__Task instructions__. Starting with the line that holds "Paonta Sahib: खराब" and stopping after the line that holds "熊克俭,今年62岁,周口开关", repeat the lines below word for word, without the pictures.

__Data extract__.

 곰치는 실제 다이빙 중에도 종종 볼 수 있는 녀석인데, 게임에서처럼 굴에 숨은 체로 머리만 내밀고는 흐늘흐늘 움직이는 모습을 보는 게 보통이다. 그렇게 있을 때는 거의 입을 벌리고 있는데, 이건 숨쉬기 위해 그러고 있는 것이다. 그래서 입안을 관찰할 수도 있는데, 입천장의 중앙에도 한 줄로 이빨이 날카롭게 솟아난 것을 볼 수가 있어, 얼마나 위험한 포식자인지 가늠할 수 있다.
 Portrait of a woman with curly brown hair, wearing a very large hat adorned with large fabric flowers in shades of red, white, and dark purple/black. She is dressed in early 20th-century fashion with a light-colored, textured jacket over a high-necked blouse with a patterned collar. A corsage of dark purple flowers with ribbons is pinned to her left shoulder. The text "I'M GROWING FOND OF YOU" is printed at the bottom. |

* * *

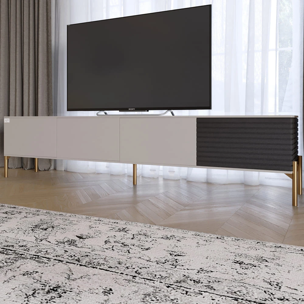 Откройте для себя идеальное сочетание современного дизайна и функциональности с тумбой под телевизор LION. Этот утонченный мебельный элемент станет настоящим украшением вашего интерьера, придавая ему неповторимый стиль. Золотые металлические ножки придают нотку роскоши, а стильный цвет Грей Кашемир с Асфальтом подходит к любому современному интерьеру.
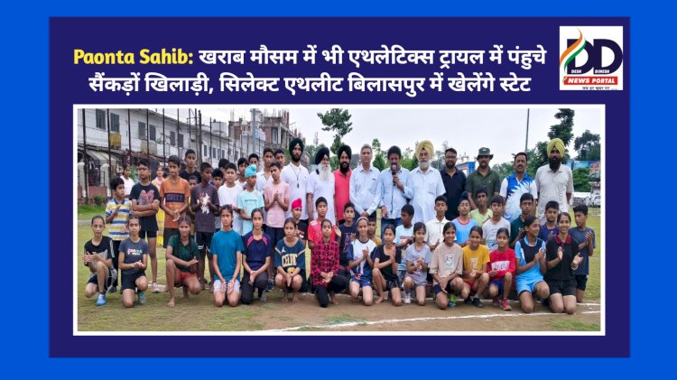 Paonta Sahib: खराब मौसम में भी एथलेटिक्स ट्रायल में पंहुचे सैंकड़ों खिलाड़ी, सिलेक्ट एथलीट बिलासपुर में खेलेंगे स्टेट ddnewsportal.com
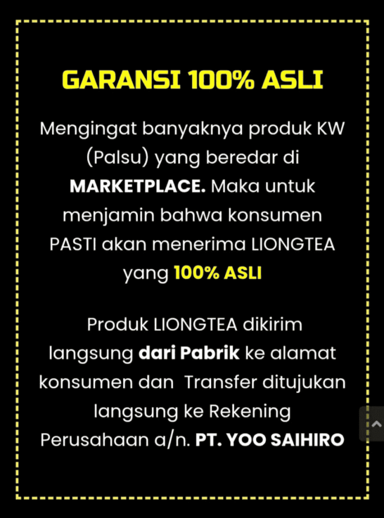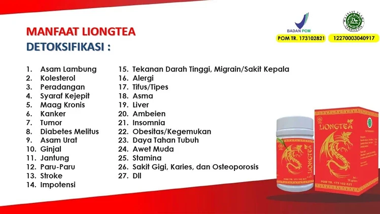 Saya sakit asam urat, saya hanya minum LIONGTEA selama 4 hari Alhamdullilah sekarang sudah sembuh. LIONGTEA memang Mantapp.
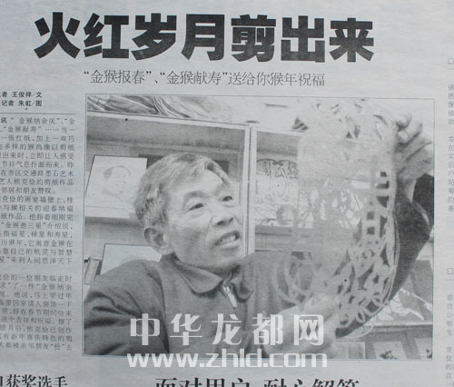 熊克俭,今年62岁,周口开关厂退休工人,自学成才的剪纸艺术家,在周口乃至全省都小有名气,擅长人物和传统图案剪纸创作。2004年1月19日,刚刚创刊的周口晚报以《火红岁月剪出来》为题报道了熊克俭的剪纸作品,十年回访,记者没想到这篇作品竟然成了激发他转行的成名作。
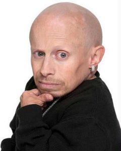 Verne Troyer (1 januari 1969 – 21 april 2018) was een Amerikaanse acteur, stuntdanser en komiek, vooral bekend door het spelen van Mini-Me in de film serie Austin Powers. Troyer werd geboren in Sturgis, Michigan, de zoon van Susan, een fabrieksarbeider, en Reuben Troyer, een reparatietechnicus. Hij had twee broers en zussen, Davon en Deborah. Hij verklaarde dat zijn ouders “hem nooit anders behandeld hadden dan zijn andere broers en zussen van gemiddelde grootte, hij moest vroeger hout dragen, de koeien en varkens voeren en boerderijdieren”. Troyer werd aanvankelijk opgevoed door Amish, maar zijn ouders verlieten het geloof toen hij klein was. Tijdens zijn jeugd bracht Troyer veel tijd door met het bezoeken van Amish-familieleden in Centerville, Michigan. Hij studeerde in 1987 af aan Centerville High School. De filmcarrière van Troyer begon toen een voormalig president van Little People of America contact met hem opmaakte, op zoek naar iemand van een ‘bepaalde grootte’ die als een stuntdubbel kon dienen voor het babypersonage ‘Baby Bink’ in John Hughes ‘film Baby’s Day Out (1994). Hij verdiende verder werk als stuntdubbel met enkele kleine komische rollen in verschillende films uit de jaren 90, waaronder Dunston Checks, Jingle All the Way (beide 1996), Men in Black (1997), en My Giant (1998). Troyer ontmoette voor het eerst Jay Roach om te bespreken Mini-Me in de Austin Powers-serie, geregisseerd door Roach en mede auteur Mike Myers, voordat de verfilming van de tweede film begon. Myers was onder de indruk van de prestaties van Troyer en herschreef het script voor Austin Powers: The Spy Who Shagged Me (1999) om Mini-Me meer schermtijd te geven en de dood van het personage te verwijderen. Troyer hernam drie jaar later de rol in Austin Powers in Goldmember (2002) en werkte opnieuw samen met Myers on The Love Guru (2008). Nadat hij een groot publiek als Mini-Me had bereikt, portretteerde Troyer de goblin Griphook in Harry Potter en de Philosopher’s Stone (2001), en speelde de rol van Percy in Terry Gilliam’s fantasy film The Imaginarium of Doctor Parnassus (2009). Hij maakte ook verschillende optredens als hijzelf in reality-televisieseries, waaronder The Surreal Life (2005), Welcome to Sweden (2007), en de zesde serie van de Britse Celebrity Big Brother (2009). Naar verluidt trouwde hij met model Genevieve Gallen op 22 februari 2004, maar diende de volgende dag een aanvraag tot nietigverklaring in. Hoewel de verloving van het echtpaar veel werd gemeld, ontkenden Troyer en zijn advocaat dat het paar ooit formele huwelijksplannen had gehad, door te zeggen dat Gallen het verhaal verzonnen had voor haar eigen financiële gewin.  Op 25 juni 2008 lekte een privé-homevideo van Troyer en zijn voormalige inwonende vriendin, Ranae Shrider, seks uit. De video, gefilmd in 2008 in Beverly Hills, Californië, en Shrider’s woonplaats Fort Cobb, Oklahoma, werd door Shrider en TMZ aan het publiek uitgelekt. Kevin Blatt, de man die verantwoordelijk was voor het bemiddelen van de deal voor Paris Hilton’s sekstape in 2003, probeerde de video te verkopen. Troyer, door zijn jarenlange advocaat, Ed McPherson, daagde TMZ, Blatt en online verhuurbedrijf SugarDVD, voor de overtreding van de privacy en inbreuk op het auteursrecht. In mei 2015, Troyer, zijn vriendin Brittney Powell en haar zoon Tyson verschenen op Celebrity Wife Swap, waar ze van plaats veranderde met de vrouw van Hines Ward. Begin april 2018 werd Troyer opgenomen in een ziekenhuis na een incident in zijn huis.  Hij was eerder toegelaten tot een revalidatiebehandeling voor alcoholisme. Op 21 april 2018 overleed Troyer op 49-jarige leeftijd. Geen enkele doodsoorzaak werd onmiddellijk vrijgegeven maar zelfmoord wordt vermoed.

---

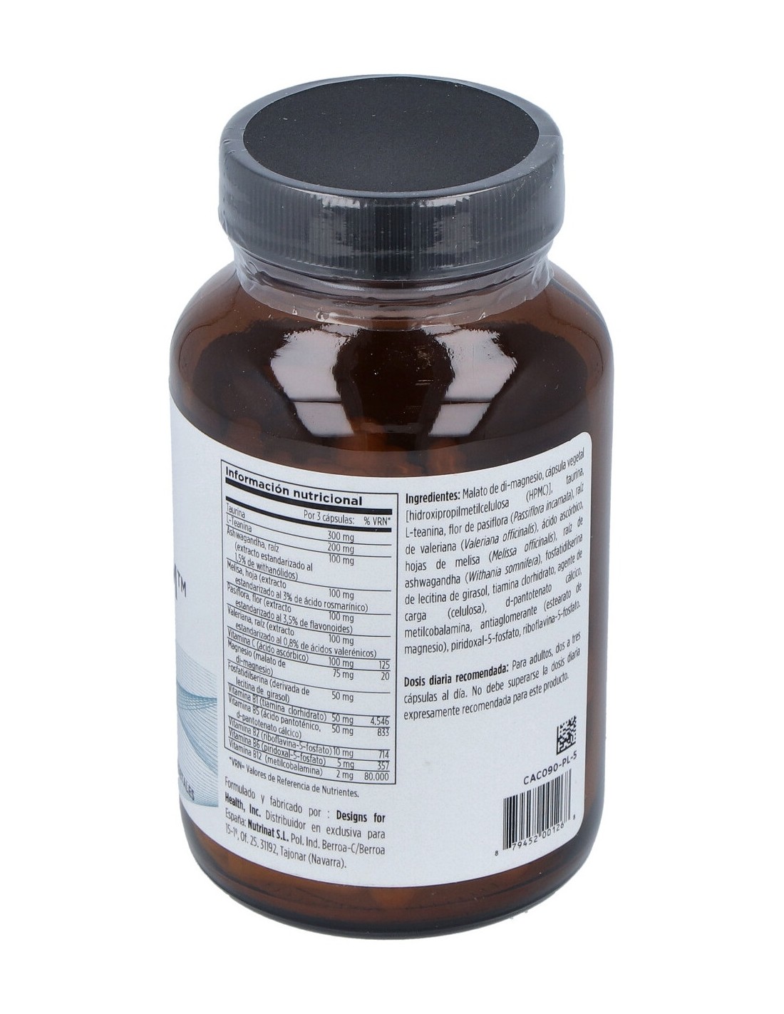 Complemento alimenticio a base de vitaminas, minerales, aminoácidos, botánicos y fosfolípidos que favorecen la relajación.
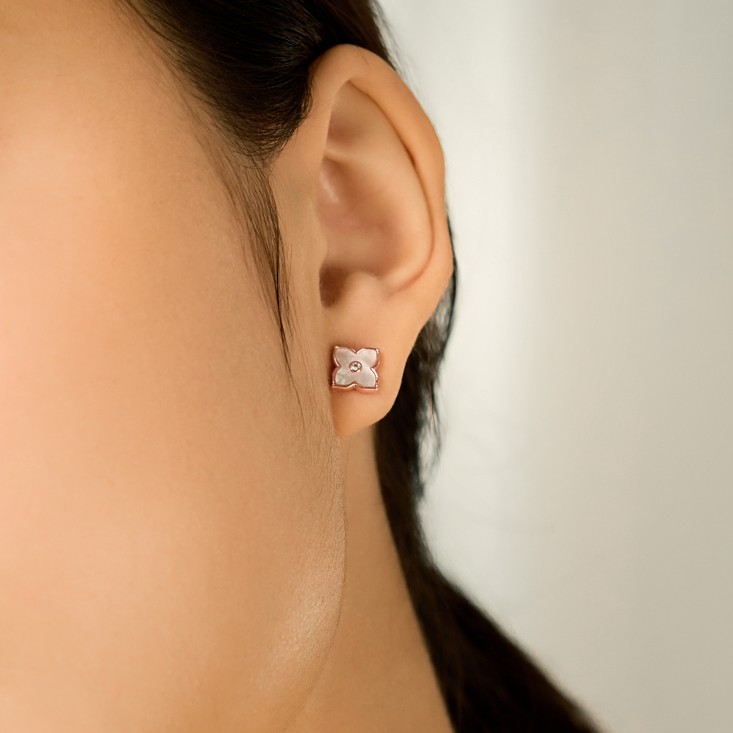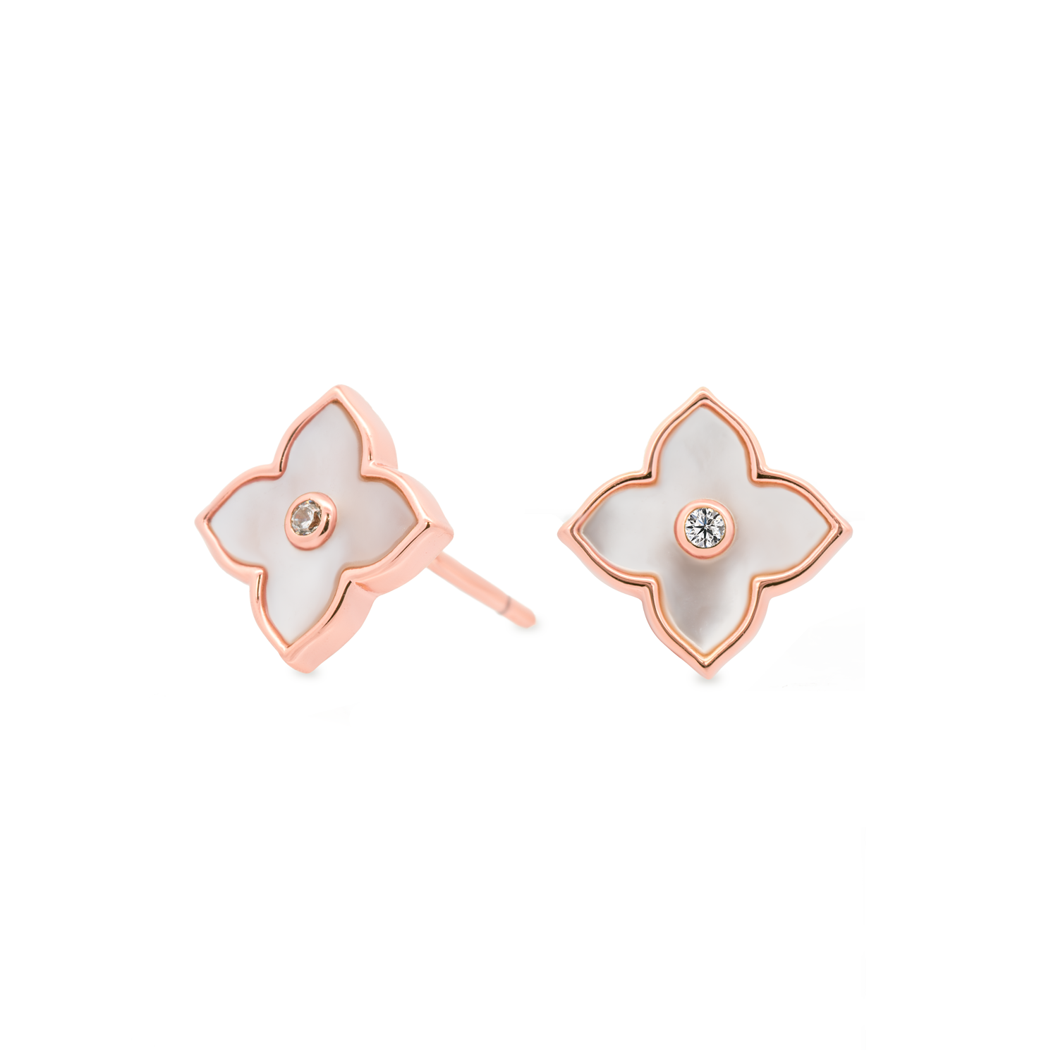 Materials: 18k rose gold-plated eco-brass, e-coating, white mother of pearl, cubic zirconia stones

__Answer space__.
 Paonta Sahib: खराब मौसम में भी एथलेटिक्स ट्रायल में पंहुचे सैंकड़ों खिलाड़ी, सिलेक्ट एथलीट बिलासपुर में खेलेंगे स्टेट ddnewsportal.com
 Saya sakit asam urat, saya hanya minum LIONGTEA selama 4 hari Alhamdullilah sekarang sudah sembuh. LIONGTEA memang Mantapp.
 熊克俭,今年62岁,周口开关厂退休工人,自学成才的剪纸艺术家,在周口乃至全省都小有名气,擅长人物和传统图案剪纸创作。2004年1月19日,刚刚创刊的周口晚报以《火红岁月剪出来》为题报道了熊克俭的剪纸作品,十年回访,记者没想到这篇作品竟然成了激发他转行的成名作。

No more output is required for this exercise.